Братство проигравших - [23]
Итак, мы прервали нашу работу на несколько дней, чтобы совершить путешествие. Бывая в Праге, я никогда не могу отыскать улицу, что понравилась мне в прошлый раз. Не так-то их и много, улиц и уличек, но каждая выдерживает бессчетное количество превращений за один день (в зависимости от освещения и погоды), за одну жизнь (в зависимости от настроения и возраста). Австро-венгерские имперские тени следуют за упитанными горожанами, несущими маленьких собачек на руках.

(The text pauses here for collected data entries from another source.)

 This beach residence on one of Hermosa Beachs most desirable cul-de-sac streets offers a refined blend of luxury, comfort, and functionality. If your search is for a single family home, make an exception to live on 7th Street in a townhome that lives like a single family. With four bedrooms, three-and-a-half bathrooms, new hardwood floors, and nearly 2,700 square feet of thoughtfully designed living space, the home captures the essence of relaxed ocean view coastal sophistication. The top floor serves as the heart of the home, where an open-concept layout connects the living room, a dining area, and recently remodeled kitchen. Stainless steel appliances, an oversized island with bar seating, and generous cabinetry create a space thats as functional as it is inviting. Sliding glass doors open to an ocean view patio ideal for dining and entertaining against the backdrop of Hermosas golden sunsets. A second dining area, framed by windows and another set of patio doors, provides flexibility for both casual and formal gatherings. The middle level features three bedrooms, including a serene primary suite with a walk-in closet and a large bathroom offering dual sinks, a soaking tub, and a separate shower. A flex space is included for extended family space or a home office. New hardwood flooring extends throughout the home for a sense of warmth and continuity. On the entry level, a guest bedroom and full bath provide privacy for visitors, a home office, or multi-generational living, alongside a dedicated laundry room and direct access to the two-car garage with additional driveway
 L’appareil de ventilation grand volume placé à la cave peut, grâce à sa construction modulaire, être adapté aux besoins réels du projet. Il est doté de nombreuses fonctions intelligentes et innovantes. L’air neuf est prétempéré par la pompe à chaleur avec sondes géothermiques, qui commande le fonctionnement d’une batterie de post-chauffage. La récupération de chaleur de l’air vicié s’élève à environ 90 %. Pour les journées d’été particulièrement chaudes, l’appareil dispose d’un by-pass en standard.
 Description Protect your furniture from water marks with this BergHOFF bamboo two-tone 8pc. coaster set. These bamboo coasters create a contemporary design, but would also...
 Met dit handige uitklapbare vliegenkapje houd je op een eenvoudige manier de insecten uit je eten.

Туристы, как летучие мыши, слетаются на памятники архитектуры и уже не покидают их.
Я старался взглянуть на город глазами Эстер, но у меня не получалось. Радостно она сбегала с холма и так же энергично снова взбиралась на Погорелец, где стояла наша гостиница. Она не могла отличить "туристические" места от подлинных, почти все приводило ее в равный восторг, и назойливое щелканье фотоаппаратов не раздражало ее. Я же предпочитал вечерние часы с их сломленным светом. В острых лучах полуденного солнца дома выглядят открытыми, опустошенными.

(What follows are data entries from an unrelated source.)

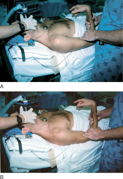 A thorough examination under anesthesia is performed to document motion and direction of instability before surgical stabilization. In addition to a general shoulder examination, an assessment of the degree of capsular redundancy can be accomplished by the sulcus test. This is performed by applying downward traction to the adducted arm (see
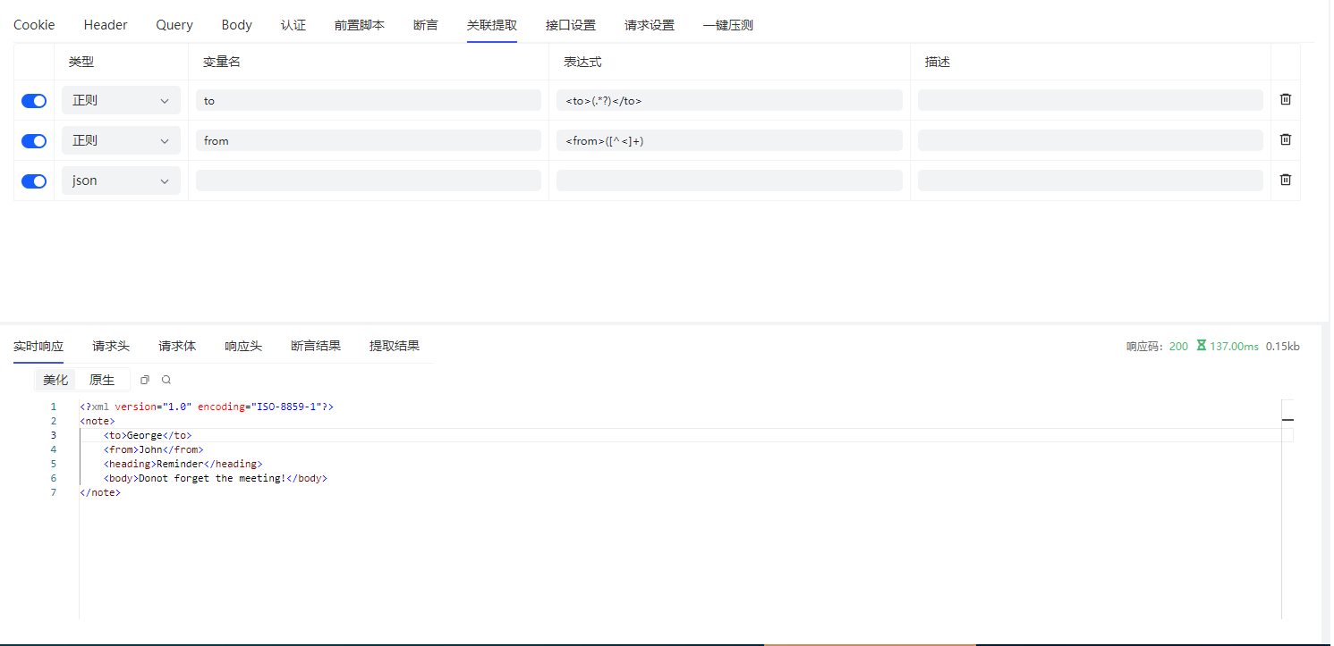一般用于响应结果为非json格式,使用正则提取变量值,表达式为规范的正则语法。
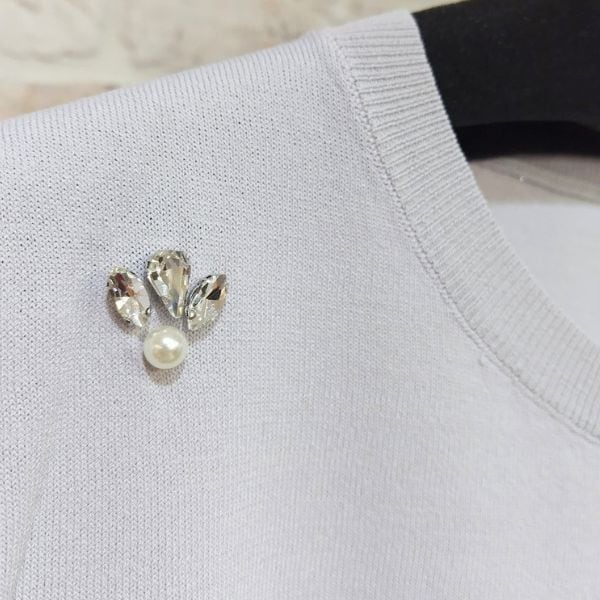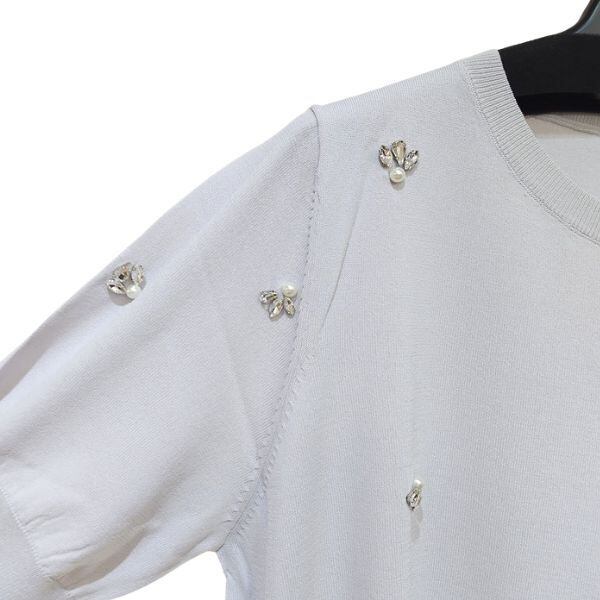 このプルオーバーは、小さめのパールとクリスタルを使用したビジューデザインが光り輝き、まさに大人の女性にふさわしい華やかさを演出します☆
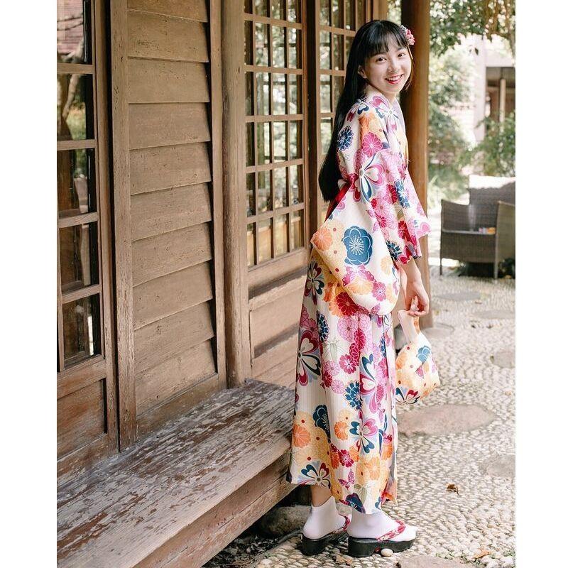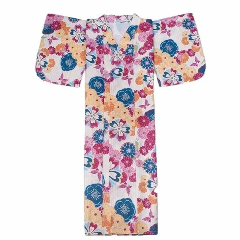 Ein schöner weißer Yukata mit bunten Blumen:
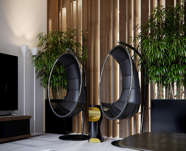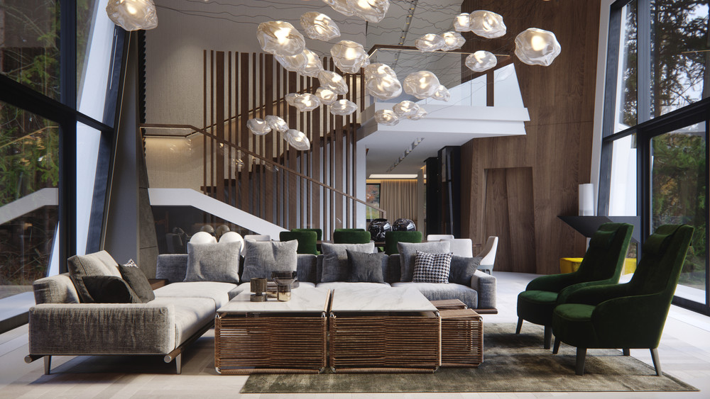 Трехэтажный дом для большой семьи. Площадь - 750 м2. Современная архитектура дома, криволинейная по горизонтали и вертикали, задала основную идею и концепцию внутреннего оформления - подчеркнуть криволинейность, сохранить геометрическую целостность и минимализм, добавив при этом уют и эргономику. Одна сторона дома выходит на еловый лес, поэтому в отделке использованы фактуры, цвета и материалы, которые дополняют эту атмосферу леса и природы. Проект на стадии реализации.
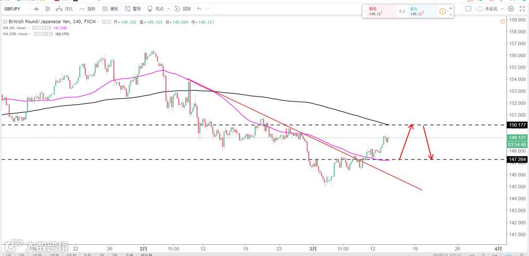 策略:回调做多或是回踩下行趋势线企稳做多,若汇价突破1.40位置顺势做多。(谨慎操作,请设置好止损线!)

Мы прошлись вдоль Златой улички, где раньше жили ювелиры и алхимики, рядом с башней, где узник когда-то играл на скрипке, чтобы не умереть с голоду, возле замка, где много веков назад король погружался в безумие. Эстер залюбовалась не домом Кафки, о котором никогда не слышала, но бывшим обиталищем мадам де Thebes, гадалки, которая, как мы прочли в путеводителе, сколотила неплохой капиталец, дурача простачков. Но потом была расстреляна гестапо за то, что предсказывала (странно и вопреки собственной выгоде) скорое падение Третьего рейха.
В бывшем еврейском квартале Эстер стояла перед пятиэтажным доходным домом начала века и глядела на позолоченные профили еврея и еврейки под верхним рядом окон. Она не рассматривала, она как будто вспоминала и готова была постучать в дверь к соседям, с которыми не виделась много лет. Потом мы ходили в синагоги: в Старо-новую, потонувшую в земле; в Испанскую, от узоров которой кружится голова; в Майзелову, со свитками каббалистических писаний; в Клаусову, где тяжелый полог висит над серебряными чашами.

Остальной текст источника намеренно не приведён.